James: The first thing to bear in mind is that… We were talking earlier about the Fed and its Neo-Keynesian theory. According to the Neo-Keynesian theory, there are two types of money, endogenous money and exogenous money. You already know people are starting to crank up the bullshit when they start using silly words that you don't really use in day-to-day life. And what this basically means is that new money supply that’s created by the normal process of bank-lending, that will go into people's bank accounts and be spent.
Therefore, it moves. And it moves off into either investments or consumption until the money supply is back in sync with the economy. The theory is that basically, for any given size of an economy, you will have a given size of money supply. But Keynesian theories explicitly says that if it's exogenous money, i.e., if it's money created by the central bank, then that money isn't spent effectively. Either that's because it's totally inflationary or assumed to be totally inflationary.
And therefore, the inflation means that everybody now has to hold more money in their bank. But then that wouldn't marry up to that money relative to the size of the economy. This is what economists call velocity. If anyone hears anyone talking about the velocity of money, this is what they're talking about, the relationship between the stock of money and annual GDP activity. The whole argument that the central bankers are absolutely resting their entire case on is that we gave everybody extra money.
You can see how large that extra money is in people's bank accounts. In the US, it equates to something like 20 or 30% of GDP. And even if we got only a partial resetting… Because we're talking about potentially 10 or 12% of GDP shift if people spend the money. And if they don't spend the money or invest it, then it just sits there forever. People have way more money in their bank accounts. Keynes talked about this as people having precautionary money in their bank accounts.
But of course, Keynes had a view himself that precautionary is temporary. Once you no longer fear whatever the reason was that you had precautionary balances, you go back to a normal thing. The Fed’s transitory argument absolutely rests on the fact that none of this money will ever leave these bank accounts. Which seems to me to be an absolute triumph of hope over expectation.
Merryn: That was a polite way to put it.
James: I was trying to think of the best, most politic way of saying these things.
Merryn: It’s one of the rare occasions in this podcast where you pause, is when you're trying to think of a polite way to say things.
James: I have ways of discussing these things over the kitchen counter that involve a lot more expletives.
Merryn: I thought they might. James, here we are in an environment where central banks may think this is all transitory. You make an excellent case that it's not. And I agree with you. But what does that mean for MoneyWeek readers? What’s going to happen to our investments? What’s going to happen to our bond holdings? What's going to happen to our equity holdings? And how do we prepare for it?
James: The first thing is that if you look at the financial markets… And I think I'm going to concentrate particularly on the bond market here. Because although the bond market is the boring market, it is also the daddy of all markets. If you know where the US treasury market’s going, you can pretty much work out what everything else is going to do. And there are two very interesting things about the US treasury market or the yield on US government bonds.
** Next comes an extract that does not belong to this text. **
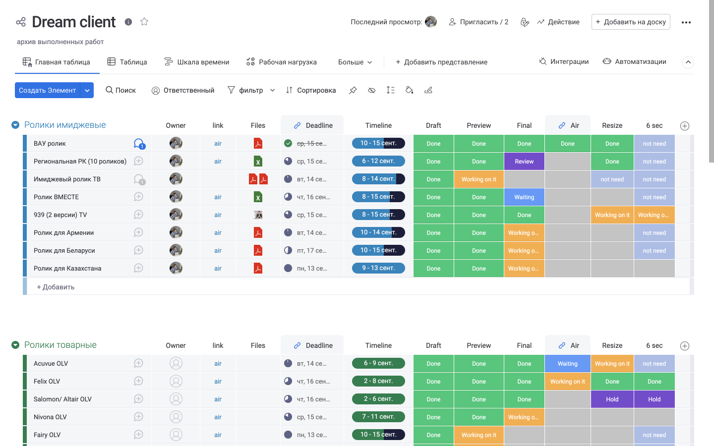 Управление проектом в Monday помогает всем участникам забыть про длинные ветки имейл-сообщений. Вместо этого у нас вся информация по проектам — в одном месте. Актуальные задачи, документы, таймлайны всегда доступны онлайн в один клик. Даже после завершения проектов у клиента всегда есть доступ к архиву. Мы относительно недавно ввели эту опцию и уже получаем положительный фидбэк.
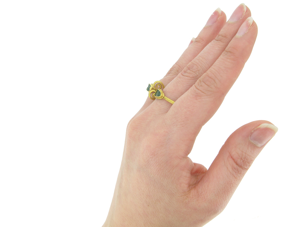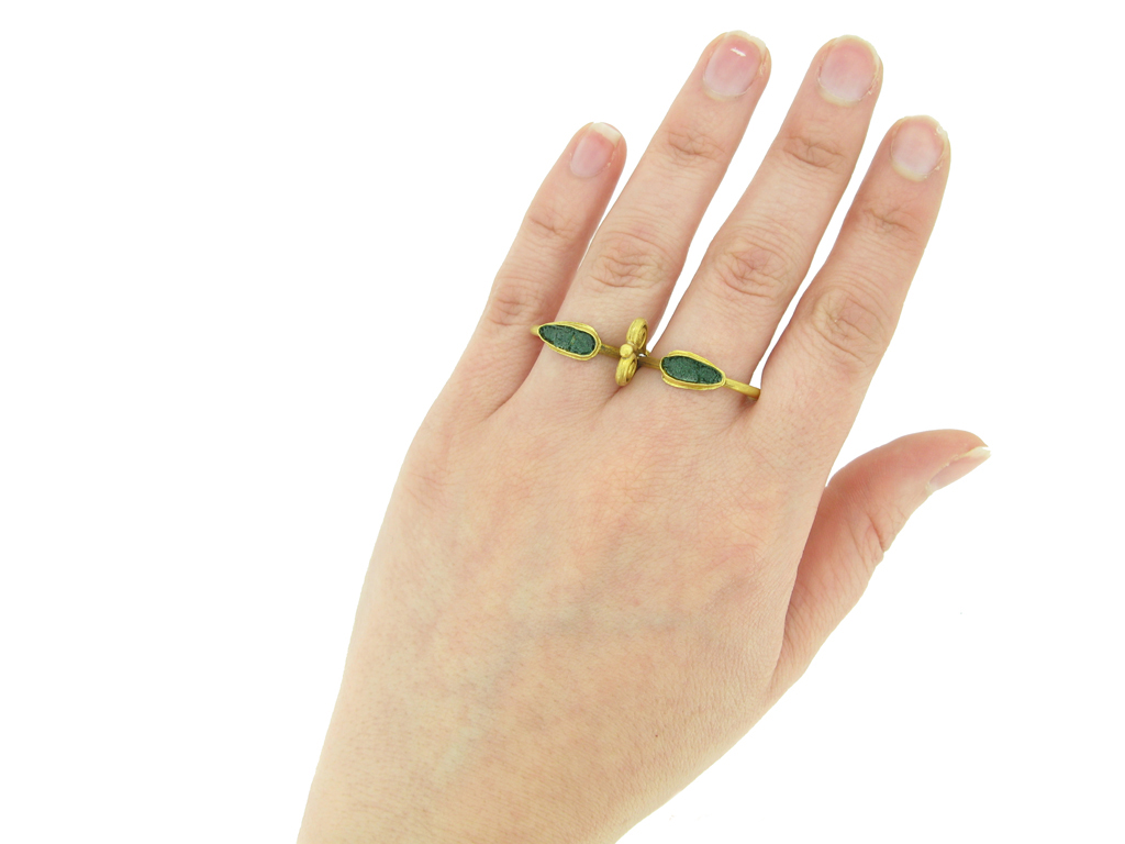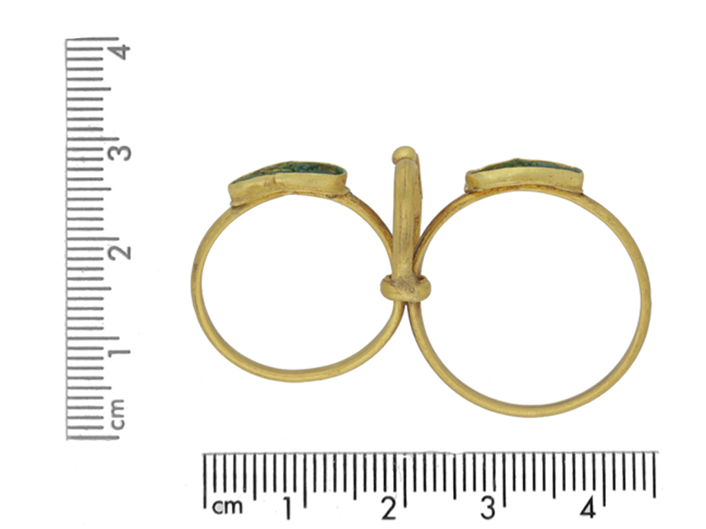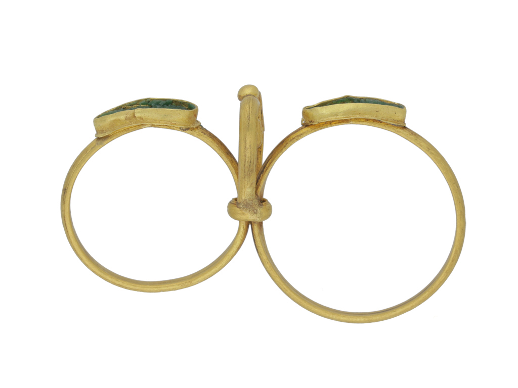 Ancient Roman twin ring set with glass. An unusual and rare ring composed of a pair of D-shape finger hoops, each set to top with a horizontal drop shape collet with green glass inlay, joined together by a decorative double wire scroll and gold granule to top. Tested yellow gold, approximately 6.19 grams in weight, circa 1st-2nd century AD.

The first one is that they have historically no predictive power whatsoever when it comes to inflation. In fact, the closest mathematical relationship between US ten-year government bond yields is with the past ten-year history of US government bonds. This is an absolutely classic case of driving with the rear-view mirror only. But it would appear that the bond market doesn't rate itself as being any good at predicting what the inflation rate will be.
It finds it safer to say, what was it last time? If it's a ten-year bond, I’m buying. What was it over the last ten years? It was 2.5%. I'm going to assume 2.5%. And that's pretty much what it does. And if you look more closely, over the last few years, the five-year US treasury has been very close to the CPI rate, the inflation rate. But when the inflation rate dropped down to zero in 2015, because there was a big sell-off in the oil market back in 2014, 15, the bond yield ignored that because it said that's going to be transitory.
And sure enough, inflation came back 12 months later, back up to where it had been before. This time, we've had inflation shoot up to extraordinarily high levels, by recent standards, 5.5% or so. And the bond yield is actually lower than normal. It's still maintaining its downward trend. The ten-year yield is about 1.5% and the five years are a bit lower than that. There’s this massive gap. The bond market is telling you that they've listened to the Fed and they concur that the inflation is going to be transitory.
Having said that, don't forget the bond market has no track record of predicting inflation. It does tend to take these things as they come. It tends to think that an erratic inflation figure, up or down, will correct itself. The Fed’s telling us this will happen and the bond market’s assuming it’ll happen. But of course, the longer we wait and it doesn't happen, the more tension is going to build up. And there's a very important point about the bond market as to why maybe the bond market hasn't sold off more and sent yields higher to meet up with inflation.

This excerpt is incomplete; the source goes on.